EXERCISE MATERIALS –
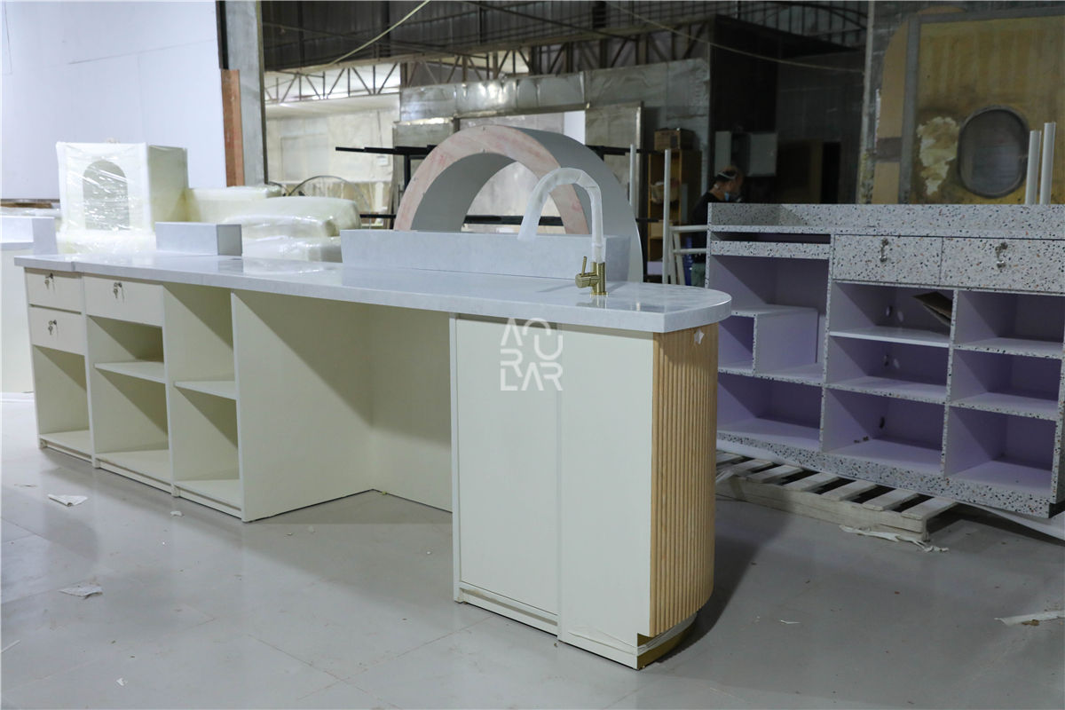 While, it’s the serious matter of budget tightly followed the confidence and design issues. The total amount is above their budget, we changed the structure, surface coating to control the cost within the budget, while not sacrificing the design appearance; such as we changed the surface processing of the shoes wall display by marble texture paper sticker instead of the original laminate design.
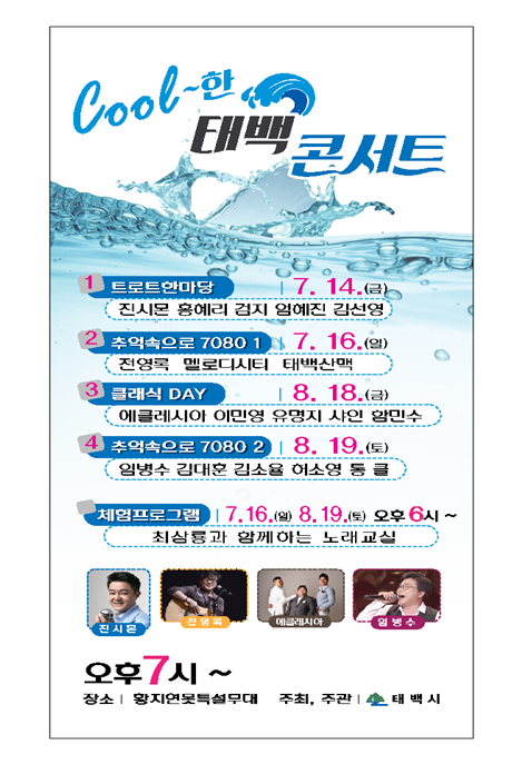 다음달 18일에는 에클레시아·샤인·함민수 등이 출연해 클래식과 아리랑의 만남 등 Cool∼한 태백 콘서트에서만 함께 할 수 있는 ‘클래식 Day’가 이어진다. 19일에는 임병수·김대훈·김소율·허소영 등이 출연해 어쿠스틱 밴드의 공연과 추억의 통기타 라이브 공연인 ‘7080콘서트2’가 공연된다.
---
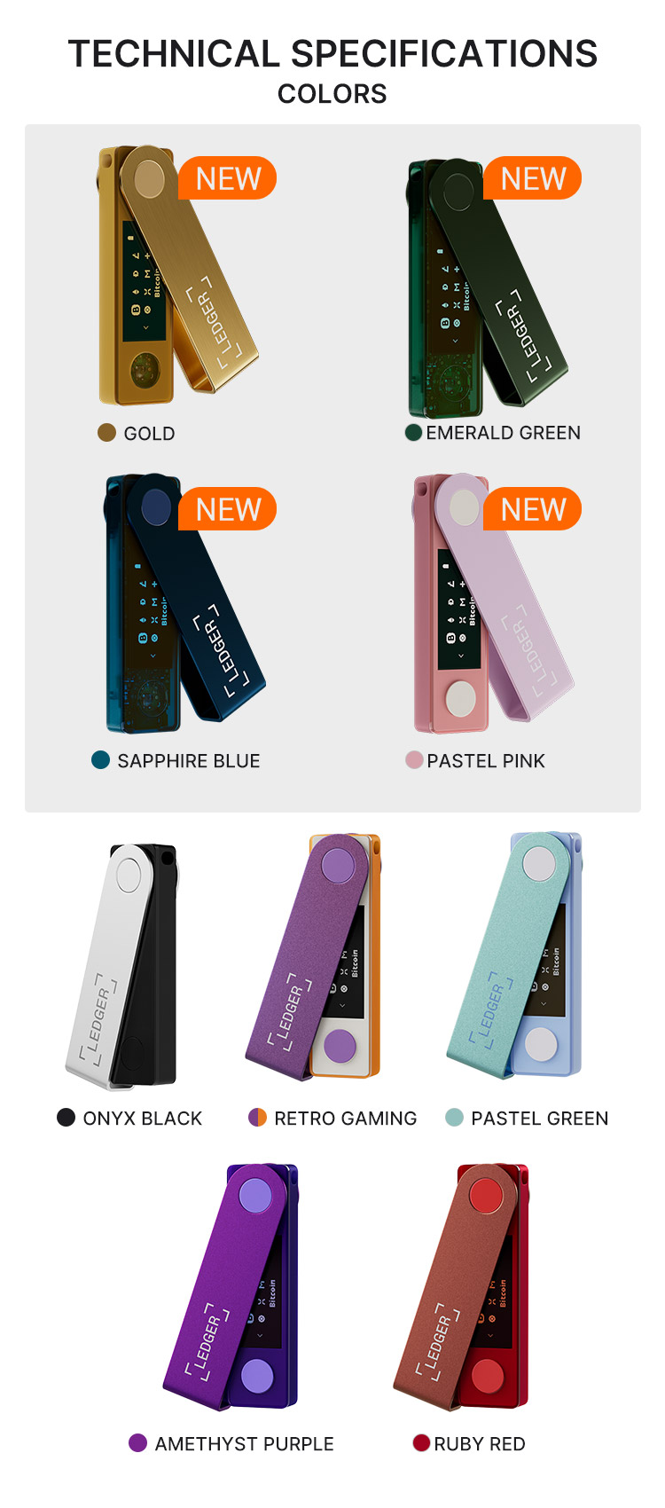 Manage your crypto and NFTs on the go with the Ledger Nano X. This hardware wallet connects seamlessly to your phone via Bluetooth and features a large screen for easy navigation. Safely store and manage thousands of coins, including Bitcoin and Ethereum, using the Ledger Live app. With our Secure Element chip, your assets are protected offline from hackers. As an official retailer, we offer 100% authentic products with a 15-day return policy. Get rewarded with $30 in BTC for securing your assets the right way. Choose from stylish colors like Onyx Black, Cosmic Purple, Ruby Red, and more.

EXERCISE BRIEF – Within the entries above, give again exactly the lines starting at the one that contains "While, it’s the" and ending at the one that contains "다음달 18일에는 에클레시아·샤인·함민수", leaving out the pictures.

ANSWER BOX –
 While, it’s the serious matter of budget tightly followed the confidence and design issues. The total amount is above their budget, we changed the structure, surface coating to control the cost within the budget, while not sacrificing the design appearance; such as we changed the surface processing of the shoes wall display by marble texture paper sticker instead of the original laminate design.
 다음달 18일에는 에클레시아·샤인·함민수 등이 출연해 클래식과 아리랑의 만남 등 Cool∼한 태백 콘서트에서만 함께 할 수 있는 ‘클래식 Day’가 이어진다. 19일에는 임병수·김대훈·김소율·허소영 등이 출연해 어쿠스틱 밴드의 공연과 추억의 통기타 라이브 공연인 ‘7080콘서트2’가 공연된다.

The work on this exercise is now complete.